Liminal Space

Liminal Space
Kindness, Compassion…

Saturday, September 4, 2010

Tá tú anseo!

Yes, "I am here"! Just not "here". My dreams are plagued with Ireland, my thoughts clouded with scents of peat fire and salty air... Now that I am so close to beginning school once more I have to think back to when we moved here. A year ago my future seemed clear and right out in front of me. Then we went to Ireland and returned home... I spent most of the summer sitting on my ass playing Sims and wishing I had a real life. :-(

Ireland changed my entire being. Maybe I was suppose to just sit this summer but I cannot help feeling like I wasted so much time. Instead of listing the things I could have done, I am going to be thankful for having the time to waste. :-)
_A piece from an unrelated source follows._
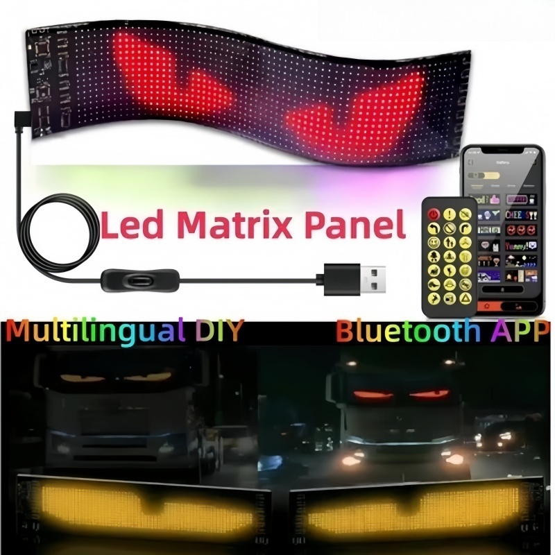 Car Truck Devil's Eye With App Control LED Matrix Pixel Panel USB Multilingual Flexible Scrolling Advertising LED Sign RGB Pattern Display Light

My next journey is with numbers and art! I am not sure how I feel about it all just yet. I am excited and nervous! The Ireland program was so exciting and adrenaline based I am wondering just how this year will go. I am really trying not to compare the two, but how is that possible? It is not often that opportunity comes along... Nor for that amount of personal growth to happen in such a small amount of time. I think I will break it down and write a bit more of what I experienced and how I feel it has impacted my life.

I have been thinking a lot about Dublin. I am not a fan of big cities! Dublin is fairly large and yet I felt very comfortable there. I usually tense up when I am around large amounts of people I do not know, but I had no problem hanging out and being calm. It is this calm feeling that has had me feeling out of sorts. It is as if I picked it up in Dublin and left it there before returning home! I would very much like that feeling back! My stomach has been in knots since returning home. Worrying about every little thing... What is it about Ireland that caused me to find a sense of well-being?